Fifty-nine students from throughout Lauderdale County schools will participate in the show with their paintings on display at Regency Square Mall from Feb. 1-Feb. 15. Winners will be announced Feb. 16.
A panel of judges will determine the winner, awarding Best of Show to the overall winning piece. There also will be a People’s Choice award, which will be decided by the voting public.
Last year, 650 votes were cast in the People’s Choice category, according to art teacher Sonya Skipworth.
“This show is about showing the public what we see every day, what these students can do instead of any limitations they may have,” Skipworth said. “The interest in this show has grown phenomenally. And, it’s competitive. These students have worked hard, and they want to win.”
For the past three years, Brooks High School student Evan Threet has won Best of Show.
This year, Tim “Tater” Scott is out to take the title with his landscape painting of a tree-lined lake with nature’s reflections on the water. In the corner of the painting is a University of Alabama trademark “A,” reflective of Scott’s passion for the school’s athletics.
“I was second last year, and I don’t want to be second again,” Scott said. “I took a picture off my cellphone and painted it.”
Scott said he enjoys art and has worked on his painting since the fall. Also an athlete, Scott said he can’t help but be competitive, even with his art.
“I want to win first place and stay there until I graduate,” he said.
His 11 classmates also have been working on their paintings since mid-October. Michaela Pruitt painted a skyscraper in a line of buildings. A music lover, she said a song about a skyscraper inspired her painting.
“I got a first place ribbon last year,” Pruitt said. “I really like this painting. It may win.”
Student Austin Dodd painted geometric shapes in crimson and gray with an Alabama “A” inside one of the shapes.
“We were supposed to paint what we love, and I love Alabama,” Dodd said.
Leanna Rhodes, Wilson’s special education teacher, said her students have taken their art projects seriously, looking forward to showcasing their talents, especially Scott.
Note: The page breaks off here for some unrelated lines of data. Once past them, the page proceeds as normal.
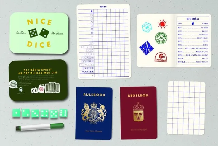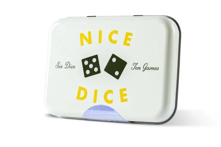 Det bästa spelet är det du har med dig.Här är asken som innehåller allt du behöver för att spela Yatzy, Maxi-Yatzy och nio andra noga utvalda tärningsspel. Gjord för att alltid få plats och aldrig gå sönder. Nice Dice är tryckt på FSC-märkt papper från ett ansvarsfullt skogsbruk. Innehåller regler på svenska och Engelska till spelen 10 000, Balut, Cubilete, Drop Dead, Gris, Help Your Neighbour, Knock-Out, Ship, Captain & Crew, Yatzy och Maxi-Yatzy.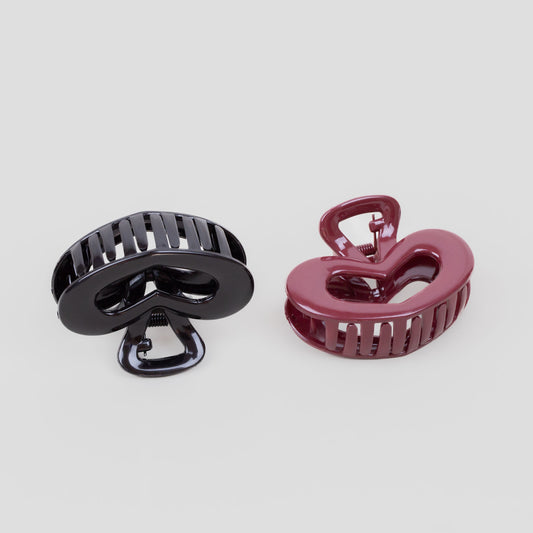 Clame de păr medii în formă de inimă cu textură lucioasă, set 2 buc - Negru, Bordo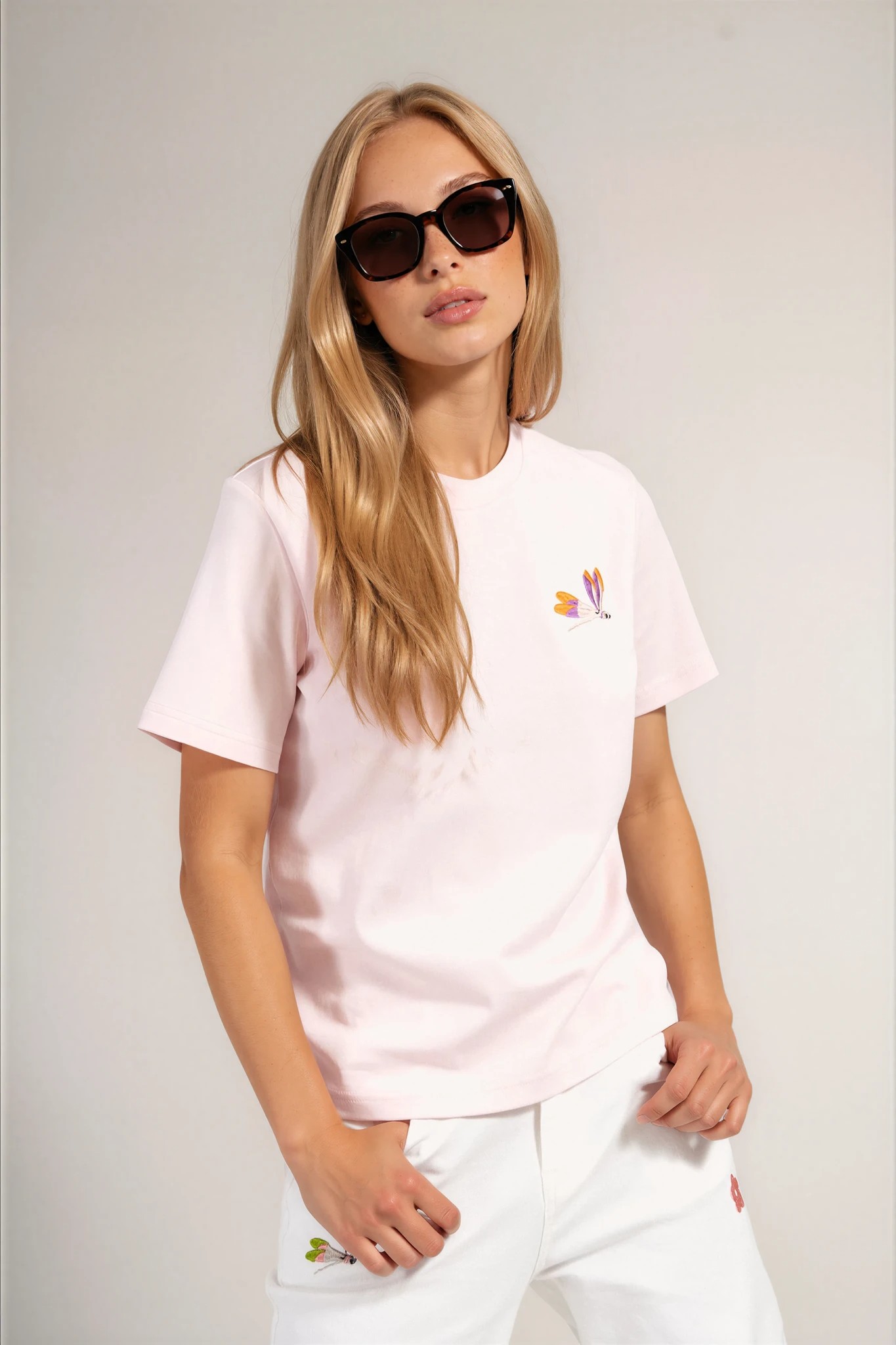 Дамска тениска ''Dragonfly'' от органичен памук в розово с бродирано водно конче

“He’s a leader in my class, always reliable and responsible,” Rhodes said. “He has made sure that everyone has stayed on track with their art projects since they started in the fall. It’s an exciting time for these students.”
Skipworth said the show has grown not only in size, but in importance.
“This has really opened doors for these students, and it has become a much-anticipated yearly event,” she said. “To see their work is really heartwarming. When you realize the kind of time and effort they put into their paintings, it really puts life in perspective.”